Diagnosing arthritis with a colour scan
An easily used screening tool shines new light on how to detect arthritic inflammations.
By: Arnfinn Christensen
White light shines through fingers and fine nuances of colour are sensed by a hyperspectral camera. A computer analysis of how the light changed as it passed through the hand enables medical professionals to make a quick and early diagnosis of arthritic inflammation. (Photo: Lise Randeberg)
Arthritis is a swelling of the joints that causes stiffness and pain. As time passes the inflammation of stricken joints can be crippling.
Arthritis often starts in the hands and feet. These appendages can be diagnosed by a new tool which detects arthritis by shining light through the skin, blood vessels, muscle, tendons and joints.
Fine nuances of colour
“Fingers and toes are thin enough to shine light through,” says Lise Randeberg. She is a professor in biomedical optics and photonics at the Norwegian University of Science and Technology NTNU.
You may have tried it with a strong flashlight. When white light passes through a hand we can see red light emerging from the other side. Randeberg and her colleagues have put this to good use in the method they are developing. Small nuances of colour and other changes in the light can reveal the presence of arthritis.
This gives an easy and immediate diagnosis. More people can be examined and new cases can be detected early, before the disease cripples joints for good.
A subject’s hands are scanned by a hyperspectral camera developed by the firm Norsk Elektro Optikk. It builds up an image line by line, like a table scanner, and can discern among many more nuances of colour than do normal scanners or cameras.
Seeing different kinds of arthritis
“We have done preliminary tests in cooperation with rheumatologists at St. Olav Hospital in Trondheim,” says Randeberg.
“We transilluminated the hands of 15 patients with arthritis and 20 healthy persons. We found that the scannings might also be able to differentiate between different types of arthritis. They results we got were unexpectedly good,” she says.
Although the images show clear differences, these have to be interpreted to give accurate diagnoses. Randeberg and her colleagues are now developing computer models which can do just that. But it’s a challenging task.
Into the depths
“When light passes through a hand we are especially interested in indications from the blood. Inflammations create changes in blood circulation and this is something we can quantify,” explains Randeberg.
But measurements of blood circulation alone do not indicate different types of inflammations. These can have other causes than arthritis. They can be due to a physical injury or an infection. To determine the signs of arthritis, medical personnel need to get a picture of exactly where the blood is and how much oxygen it contains.
The hyperspectral camera takes a picture that provides lots of detailed nuances of colour. But this isn’t sufficient on its own for arriving at accurate diagnoses. The medical scientists need to see what is happening from top to bottom through the hand or foot. They need to see in depth, in three dimensions. How do they do it?
Plenty of computing power
“We make models of how the light moves through blood, muscles, ligaments and joints. When such models are linked to the images from the hyperspectral transilluminations, the scientists can interpret information from the depths as well. But this requires a lot of computing power.”
“We are making every effort to get a completed computer analysis within a minute after the transillumination. It doesn’t help if the transillumination is quick and easy if the patient still has to wait weeks for a result. If such a delay were okay, other methods would work about as well,” says Randeberg.
Dilemma in blue and green
Another challenge is that light through the hand is subdued greatly by blood and skin pigments. This makes the nuances of colour harder to catch with the hyperspectral camera.
Blue and green light is reduced the most, especially among people with dark skin.
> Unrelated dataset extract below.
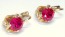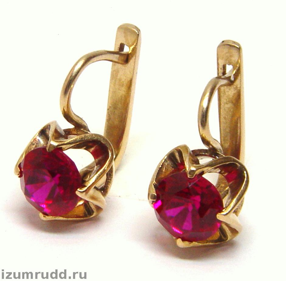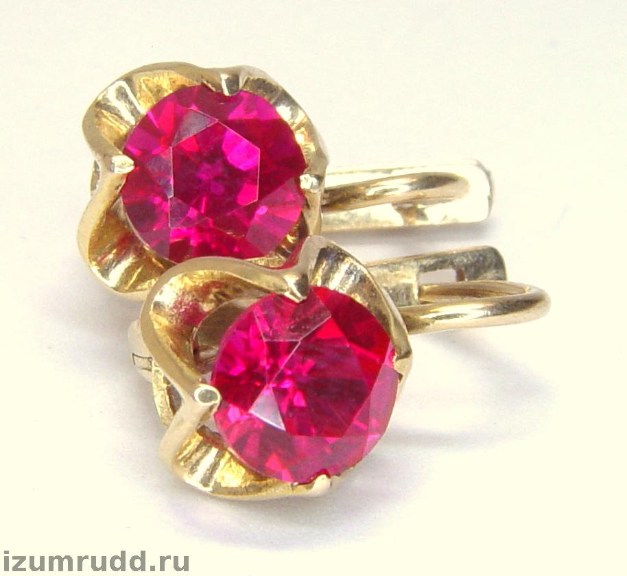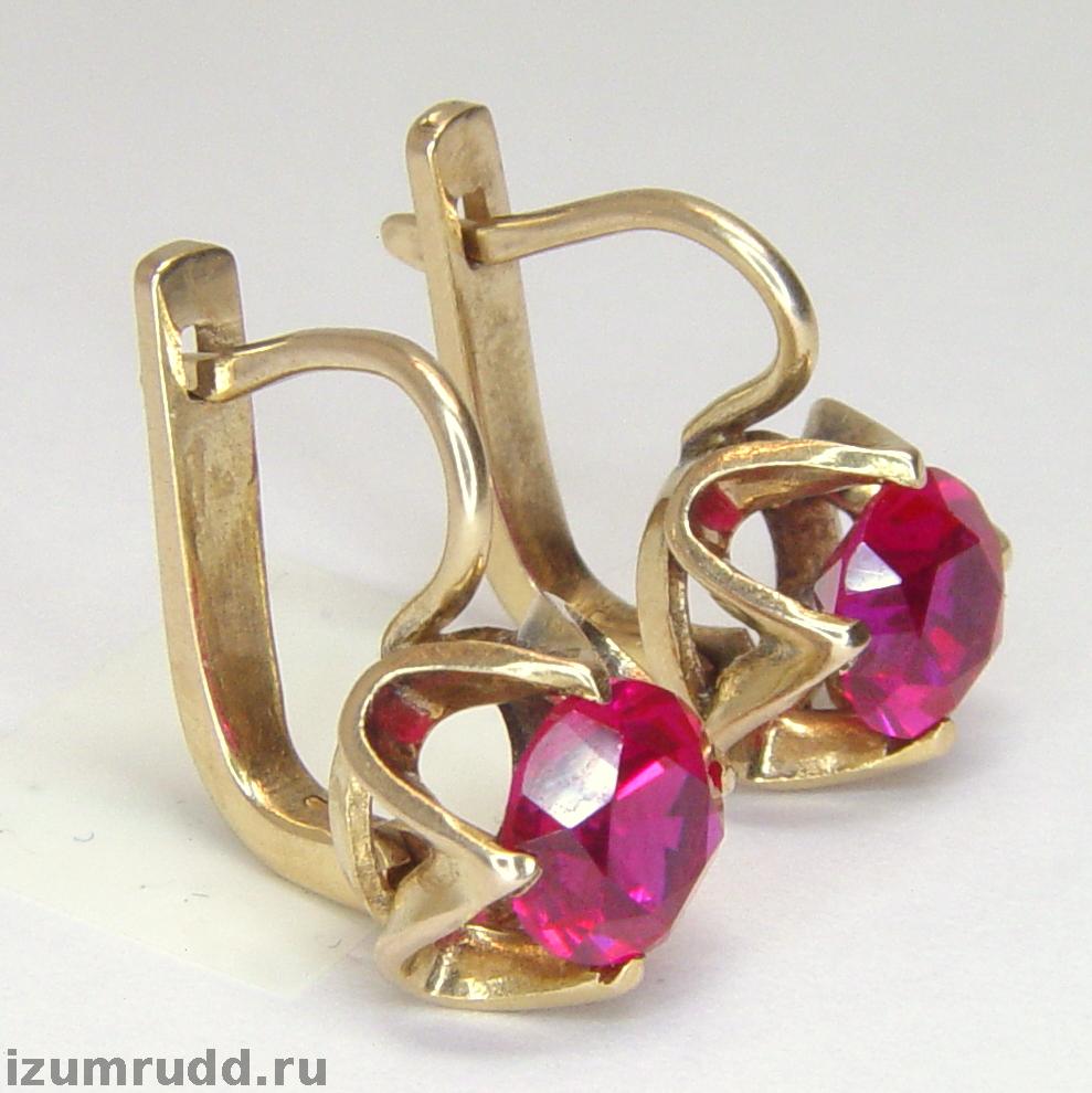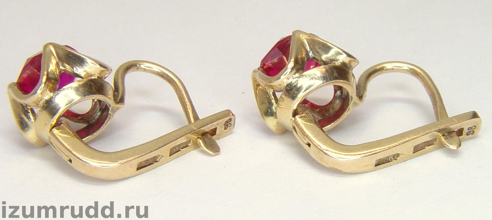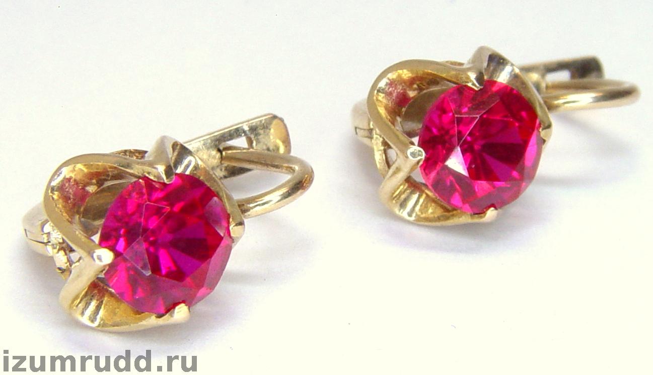 Серьги Советского времени с искусственными рубинами выполнены из розового золота 583 пробы.

This is also the colour range where the interesting signals from blood is the strongest and light is the weakest. This is a dilemma. For the method to work universally it needs to function with all our human skin colours.
Lise Randeberg. (Photo: Rolf Tore Randeberg)
This means that researchers need to compromise on the colours they utilise in the analysis. The further into the red range of the spectrum, and further into higher energies and what for our eyes is invisible light – infrared – the more light makes it through the hand. This in turn weakens the nuances of colour that can be detected from blood.
The solution is a new hyperspectral camera in which the colour spectrum is shifted somewhat from visible light toward infrared. This camera has been developed specially for medical research by Norsk Elektro Optikk.
“We are now going to test this camera at a clinic in Germany. The project involves collaboration with, among others, the German Fraunhofer Institute, Norsk Elektro Optikk and NTNU, and is financed by the EU,” says Randeberg.
Nearly ten years have passed since the first time Randeberg placed her hand beneath a hyperspectral camera from Norsk Elektro Optikk.
“Until then we had worked at seeing the colour from light at one spot. It was really a new world for us to chart the nuances of colour in a hyperspectral analysis. We were also among the first to use hyperspectral analyses in medical research.”
“Much has changed since then. We started in the blue, and now we see in red – and infrared. This is really brilliant,” says Randeberg.